From State Information Service (Link to article)
5,000 year old cemetery has been unearthed in Sohag governorate, Upper Egypt, officials said on Saturday 5/7/2008.
The cemetery is believed to be of senior royal staffers or persons who participated in the establishment of the royal tombs. It contains 13 tombs.
The cemetery was discovered by a mission of the Supreme Council of Antiquities in Umm el-Ga’ab area, south of Sohag’s Abydos archaeological city.
The mission also found a group of wooden caskets, containing embalmed remains, as well as a “Senet” game which resembles chess.
This is the second time an ancient Egyptian Senet game is discovered. The first was found in King Tutankhamen’s tomb.
The 5,000 year age given for these discoveries would put them in the Early Dynastic time frame (Dyn. 1 to 3). The Sohag name here applies to the province. The actual discoveries took place in Abydos.

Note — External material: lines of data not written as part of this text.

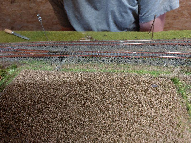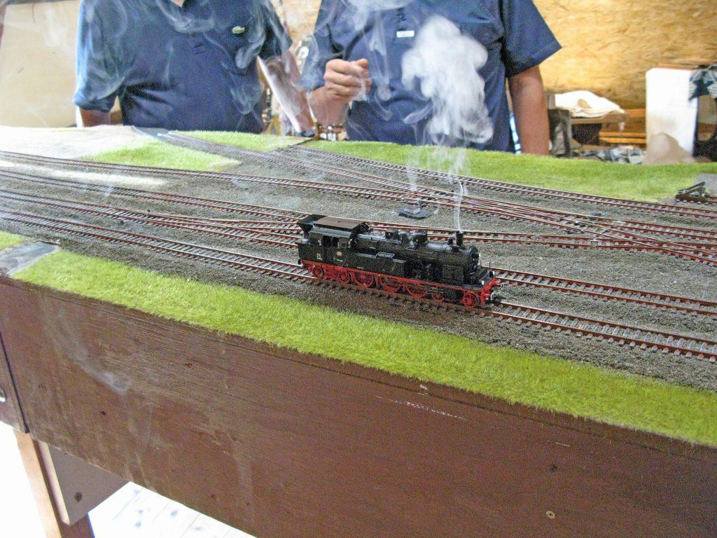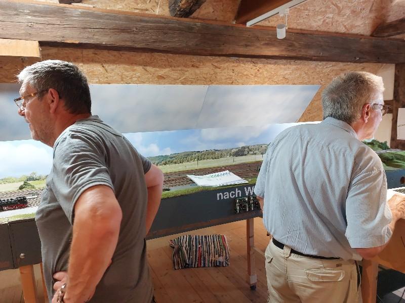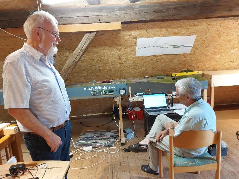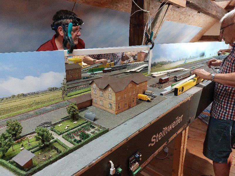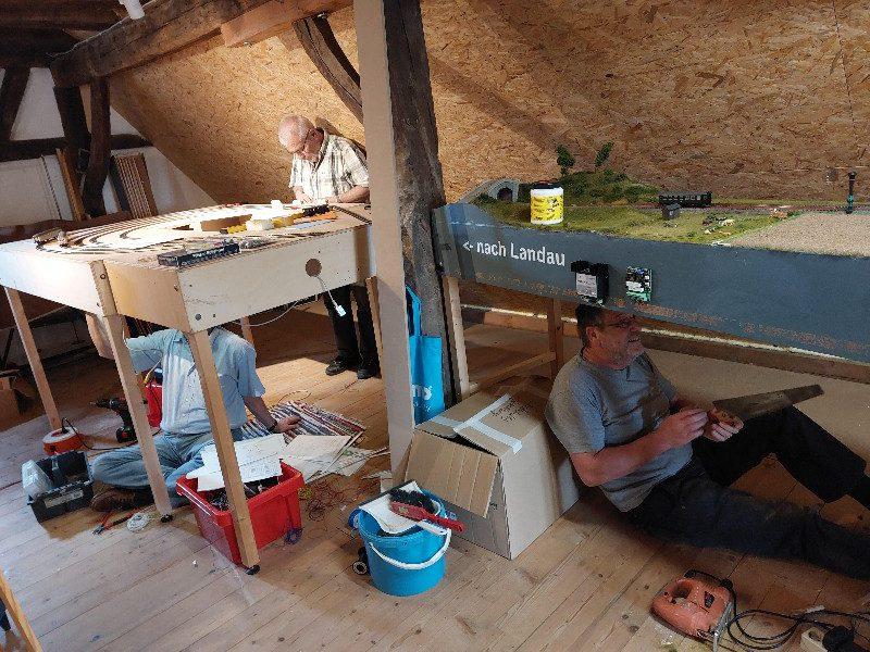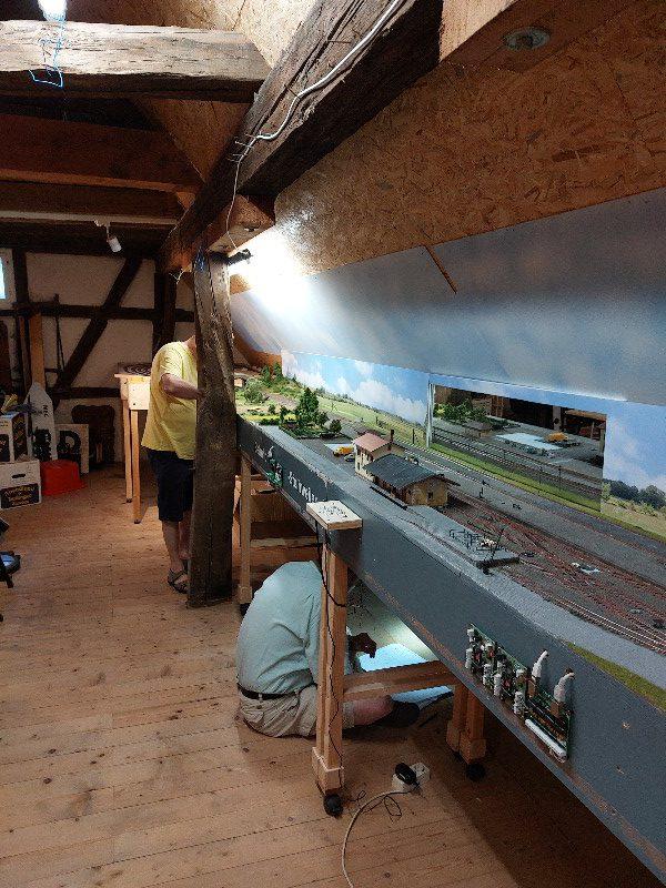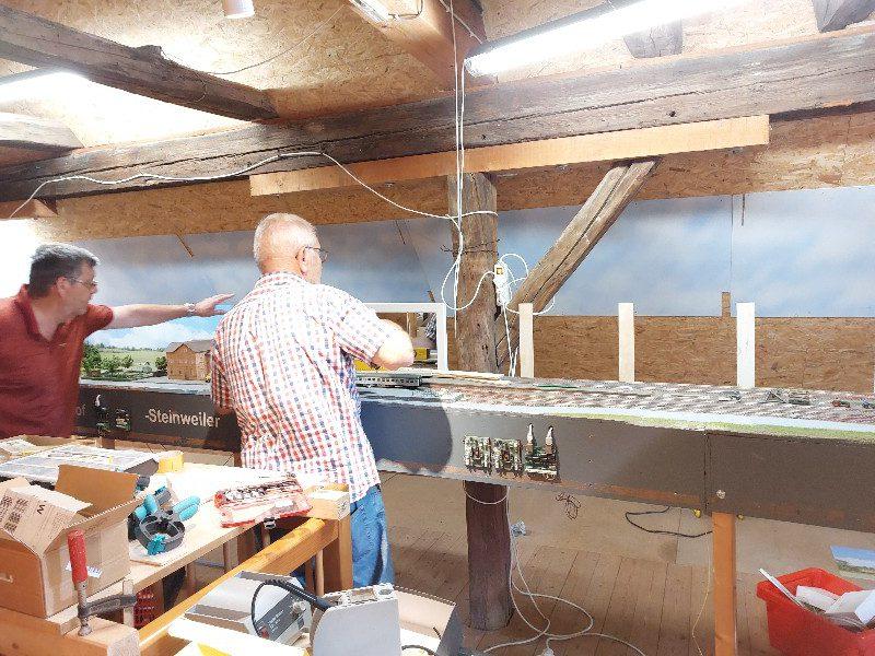 Bei sommerlicher Hitze von 36 C wurde weitergebaut. Nachdem die Signale angeschlossen waren wurde das Vorsignal angeschlossen. Eine große Veränderung gab es in der Raummitte. Die AC-Anlage wurde von ihrem bisherigen Standort in die Mitte umgestellt. An ihren Platz kamen 2 Module Klingenmünster.
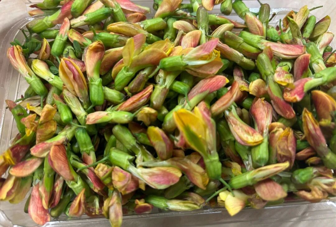 因瓣端稍尖,旁分兩瓣,勢如飛燕,色澤金黃,故名“金雀花”。這個名字可能對很多人來說有點陌生,但它在云南可是家喻戶曉的春季限定美味。每年4月至5月是它的盛花期,也是食用的最佳時節(jié)。金雀花本身帶淡淡清香,吃起來絲絲甜意,鮮嫩嬌脆。
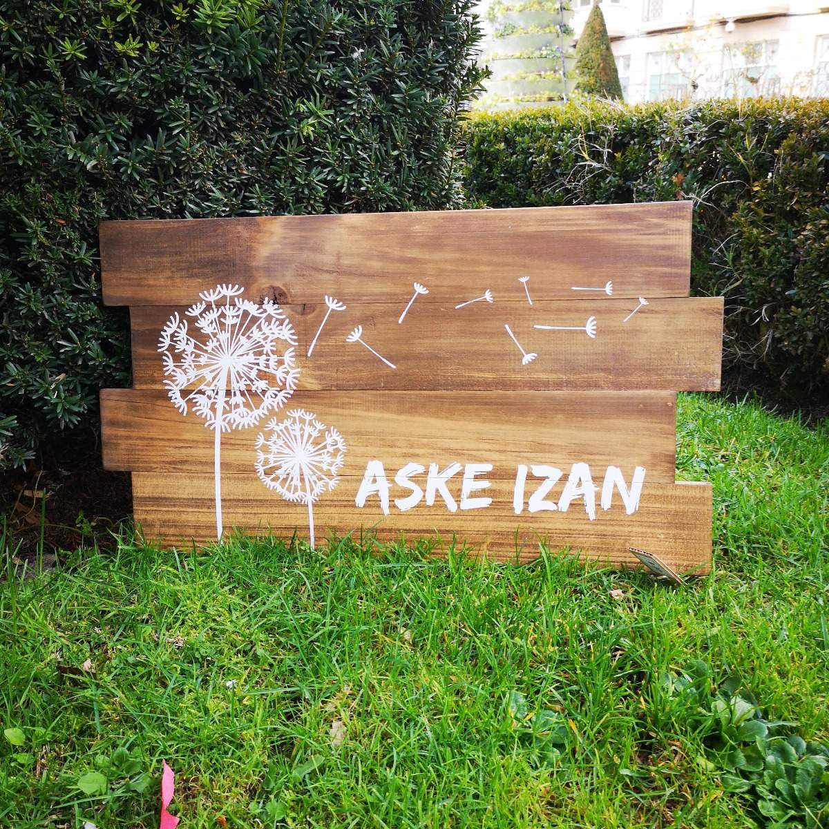 Fabricado con madera recuperada y mensaje ASKE IZAN rotulado.
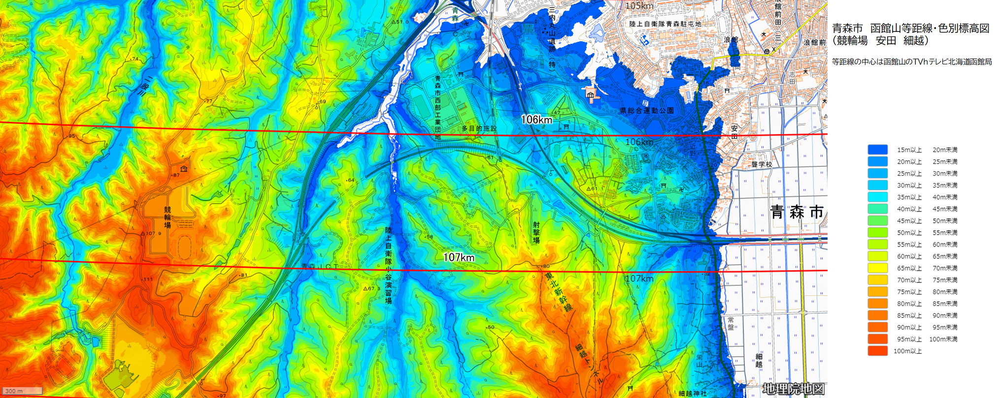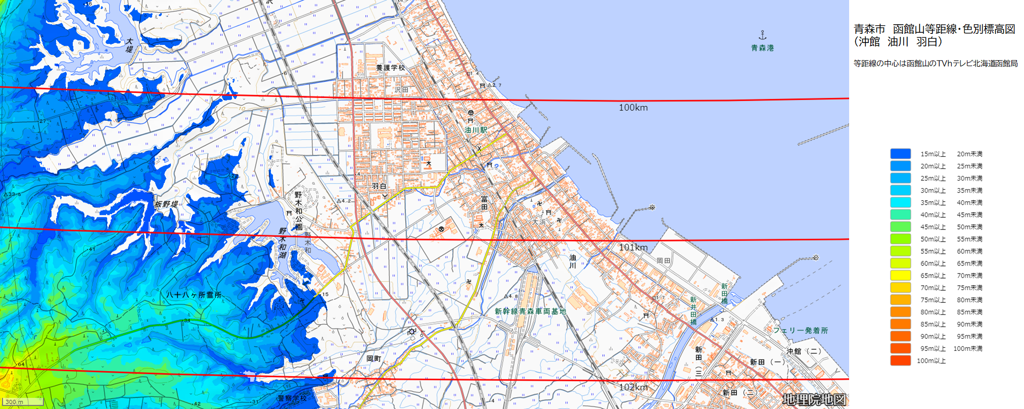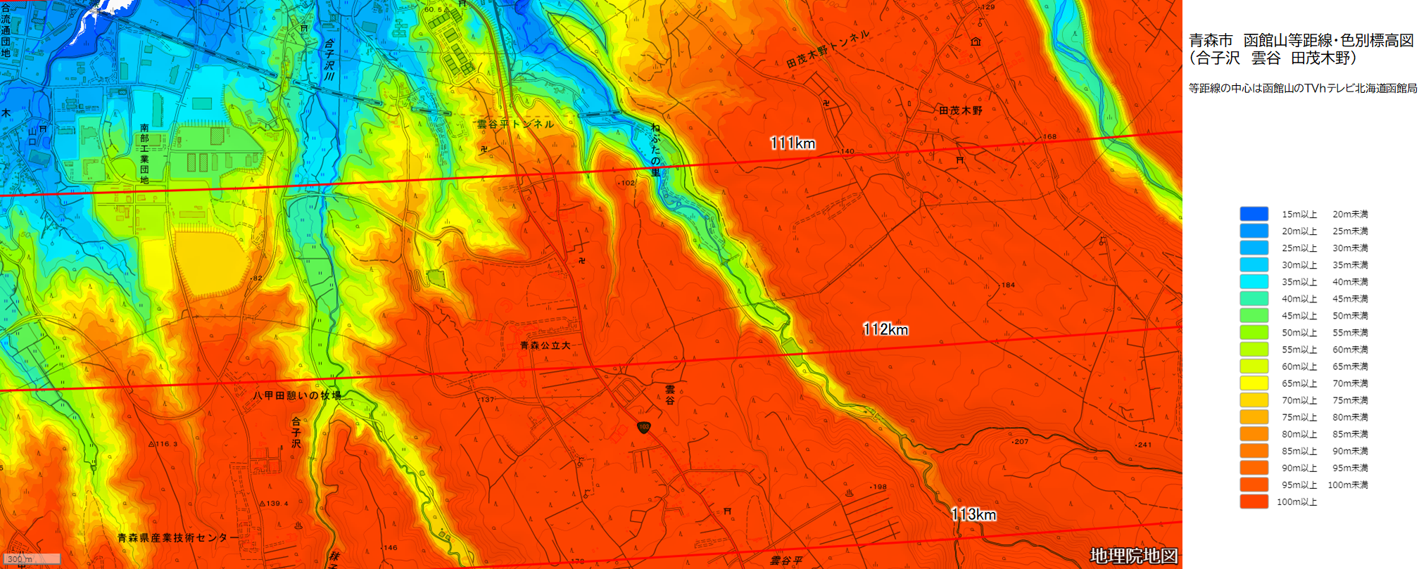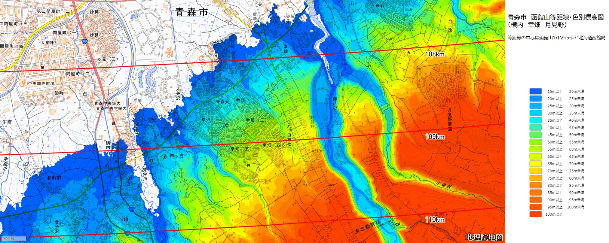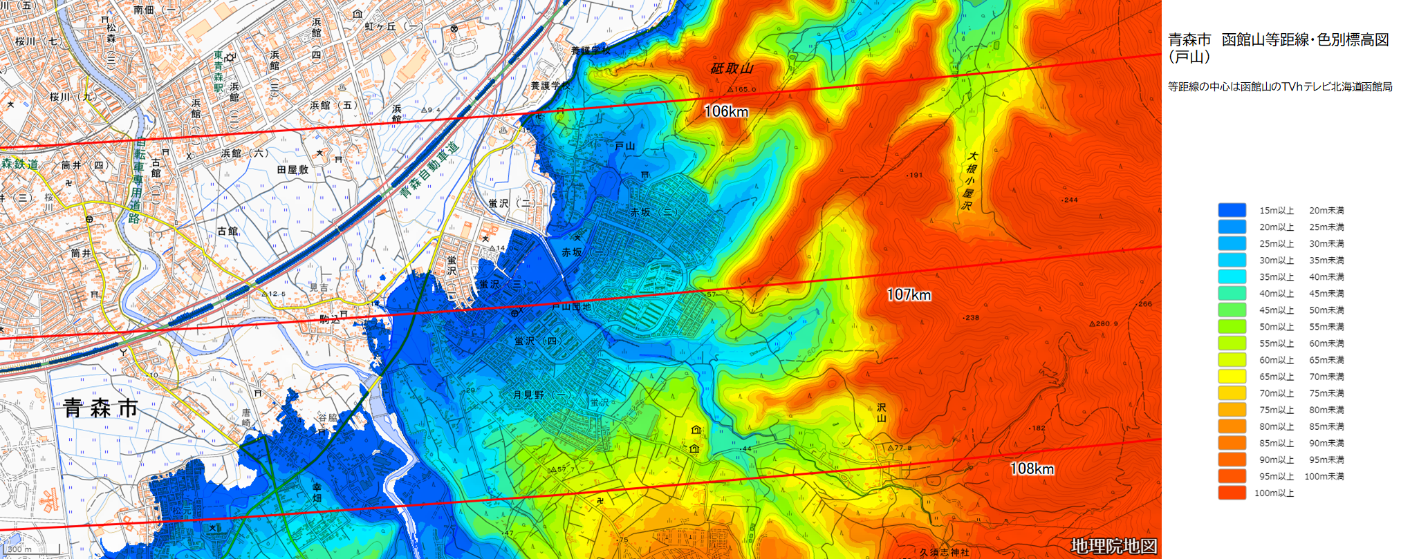 ¡¡¾å¿Þ¤Ï¹ñÅÚÃÏÍý±¡¤ÎÃÏÍý±¡ÃϿޤòÍøÍѤ·¡¢¥Æ¥ì¥ÓË̳¤Æ»(TVh)È¡´ÛÁ÷¿®½ê¤òÃæ¿´ÅÀ¤È¤·¤ÆÈ¾·Â1km¤´¤È¤ÎƱ¿´±ß¤ò¡¢ÀÄ¿¹»Ô³¹¤ËÉÁ¤¤¤¿ÃϿޤǤ¢¤ë¡£¿§ÊÌɸ¹â¿Þµ¡Ç½¤òÍøÍѤ·¤Æ¡¢ÀÄ¿¹»Ô¤Îɸ¹â¤âɽ¸½¤·¤¿¡£
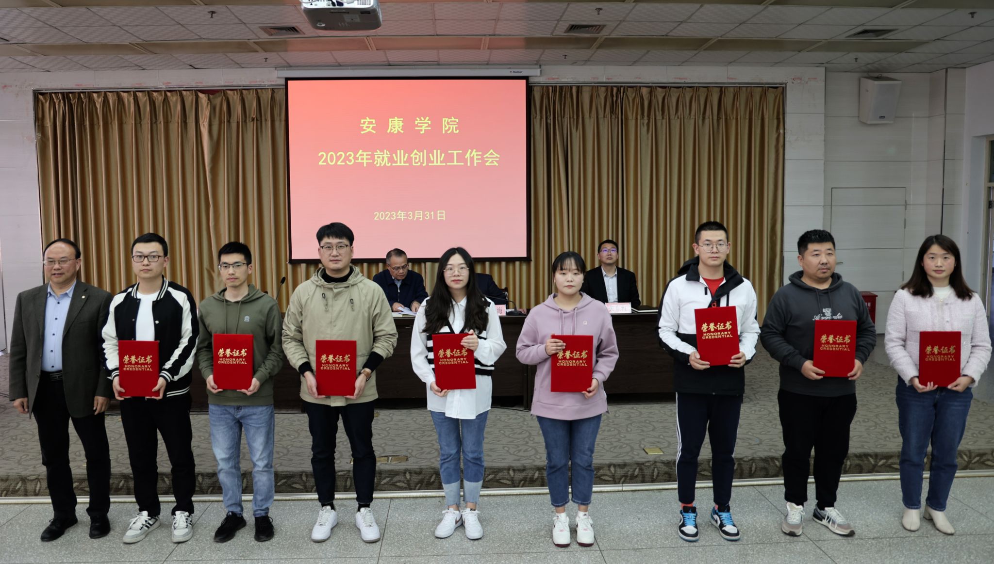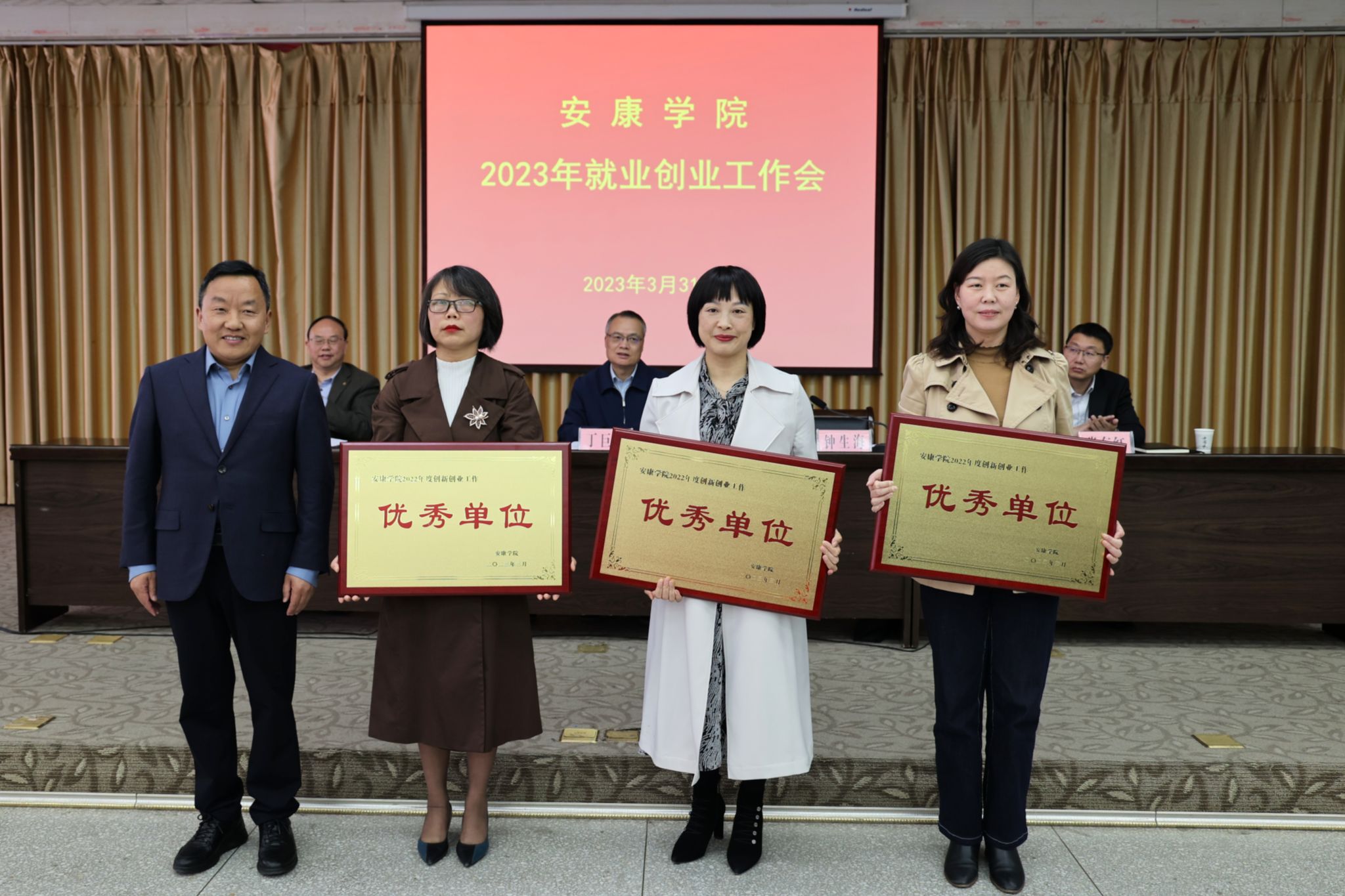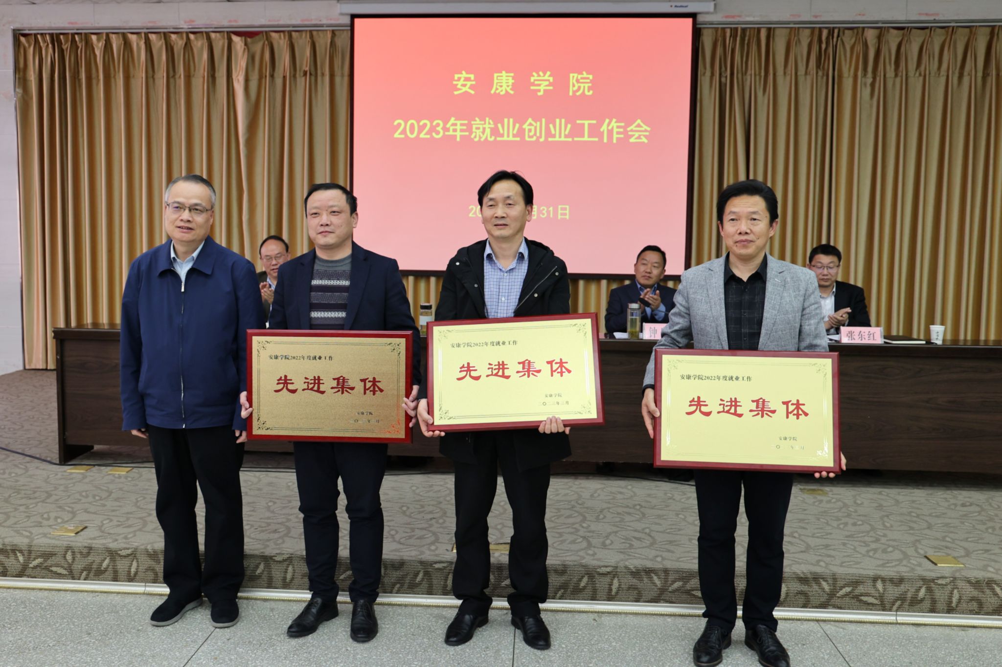 杨行玉宣读了《安康学院关于表彰2022年度就业创业工作先进集体、先进个人的决定》。学校领导为受表彰的先进集体和个人代表颁发了荣誉证书。

Note that the statement that this is only the second time a senet board has been discovered, is, to the best of my knowledge, incorrect. Other boards have been found, including one belonging to Amunhotep III (Brooklyn Museum), as well as a more modest version from the New Kingdom in the British Museum, and another at the Rosicrucian Egyptian Museum in San Jose in the United States, to name a few. None of these were found in the tomb of Tutankhamun, as far as I am aware.